Da wäre die Rückrunde, die seit elf Jahren immer schlechter war als die Hinrunde. Mit dem Dreier gegen Bayer hat Hertha 22 Punkte seit Januar geholt, drei mehr als in der ersten Saisonhälfte.

Da wäre das masochistische Auskosten von Negativläufen. Nach drei Niederlagen gegen Dortmund (0:1), Frankfurt (1:4) und Freiburg (1:2) wurde die schwarze Serie schnell beendet.

Da wäre außerdem noch dieser „Luft-Raus-Gedanke“. Zu oft hat Hertha in der Vergangenheit kurz vor Saisonende Spiele einfach hergeschenkt.

Für die blau-weißen Fans ist das eine wichtige Sache. Für Labbadia ist diese Vergangenheitsbewältigung aber kein Thema. Der Cheftrainer, der mitten in der Corona-Zwangspause das Team übernahm, schaut lieber nach vorne. „Um ehrlich zu sein, wir arbeiten schon seit zwei, drei Wochen mit Blick auf die neue Saison“, sagt er. Doch dieses Spiel gegen Leverkusen war selbst für Labbadia „erstaunlich“. Trotz widrigster Umstände mit jetzt dreizehn Ausfällen und einer unglücklichen Niederlage in Freiburg rafften sich die Spieler zusammen.
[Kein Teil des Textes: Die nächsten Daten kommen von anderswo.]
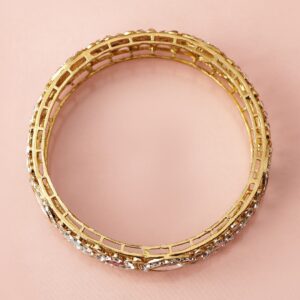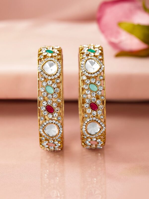 Bangle : Discover the elegance of Set of 2 18K Mehandi Gold-Plated Kundan & Cubic Zicronia Stone Bangles. This piece combines quality craftsmanship with a timeless design, making it perfect for any occasion. Elevate your style effortlessly and enjoy compliments on your refined taste. A must-have addition to your jewelry collection. Occasion : Bring your style to a whole new level with this handcrafted piece of jewellery. When you’re celebrating a special Occasion : – a birthday, wedding, or personal milestone – this piece adds that extra something that makes us feel special and looking our best. Material : & Care Material :Brass Weight : 65.71g Net Qnty : 2 Bangles Care Label : It is advisable to avoid contact with water and organic chemicals i.e. perfume sprays. Store jewellery in airtight box. After use, wipe the jewellery with soft cotton cloth.

„Nach dem Freiburg-Spiel waren alle enttäuscht, doch alle haben sich in nur drei Tagen mental hochgefahren“, erklärt der Coach. Er betont dabei die enorme Laufleistung zum Saisonende. „123 Kilometer, das ist ein Topwert!“ Dann kommt er zum Wesentlichen: „Die Mannschaft hat eine enorme Disziplin gezeigt, ist geschlossen aufgetreten. Gegen bessere Gegner kannst du nur im Team gewinnen. Das haben alle Spieler überragend umgesetzt.“

Den Teamspirit sah man beim 2:0 deutlich. Als Stürmer Krzysztof Piatek durch den Strafraum marschierte, hätte er den Treffer einen Meter vor der Linie selbst machen können. Dodi Lukebakio übernahm frech das finale Ballschieben ins Gehäuse. Den Torklau nahm der polnische Nationalstürmer seinem Kollegen aber nicht übel. Die beiden jubelten gemeinsam.

Labbadia scherzte über die kuriose Szene: „Ich als ehemaliger Stürmer hätte ihn wohl weggegrätscht.“ Diese authentische Lockerheit des Trainers tut dieser Mannschaft richtig gut. Wenn Labbadia am Dienstag wieder aus Hamburg von seinem Mini-Heimaturlaub zurückkommt, geht die Vorbereitung auf den nächsten Topgegner Gladbach los. Sein gutes Gefühl wird dann nicht aufgebraucht sein.